= Beginning of Section =
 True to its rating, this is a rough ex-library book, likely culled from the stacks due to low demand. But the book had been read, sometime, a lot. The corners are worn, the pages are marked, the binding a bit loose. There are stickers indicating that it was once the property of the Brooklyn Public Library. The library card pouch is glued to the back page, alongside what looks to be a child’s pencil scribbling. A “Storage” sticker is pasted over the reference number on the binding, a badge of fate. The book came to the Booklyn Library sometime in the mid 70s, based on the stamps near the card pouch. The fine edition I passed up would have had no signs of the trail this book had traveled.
= End of Section =
= Beginning of Section =
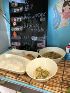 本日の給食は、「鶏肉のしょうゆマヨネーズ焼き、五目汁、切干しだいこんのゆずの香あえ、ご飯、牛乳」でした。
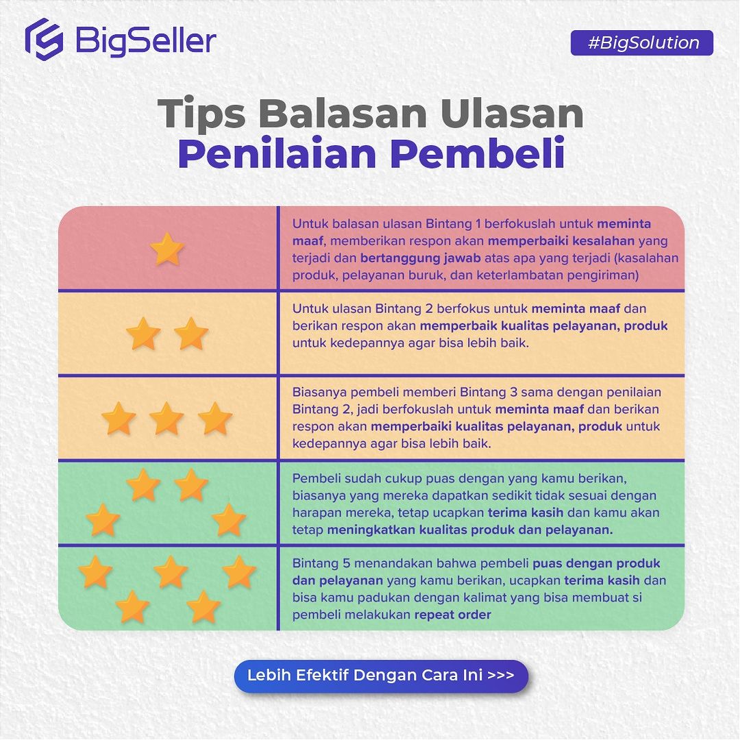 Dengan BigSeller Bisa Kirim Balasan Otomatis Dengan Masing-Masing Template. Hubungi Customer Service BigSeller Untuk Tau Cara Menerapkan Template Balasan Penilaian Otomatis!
= End of Section =
For the data above, set down exactly the lines from the line with "本日の給食は、「鶏肉のしょう" to the line with "Dengan BigSeller Bisa", both included, leaving pictures out.

 本日の給食は、「鶏肉のしょうゆマヨネーズ焼き、五目汁、切干しだいこんのゆずの香あえ、ご飯、牛乳」でした。
 Dengan BigSeller Bisa Kirim Balasan Otomatis Dengan Masing-Masing Template. Hubungi Customer Service BigSeller Untuk Tau Cara Menerapkan Template Balasan Penilaian Otomatis!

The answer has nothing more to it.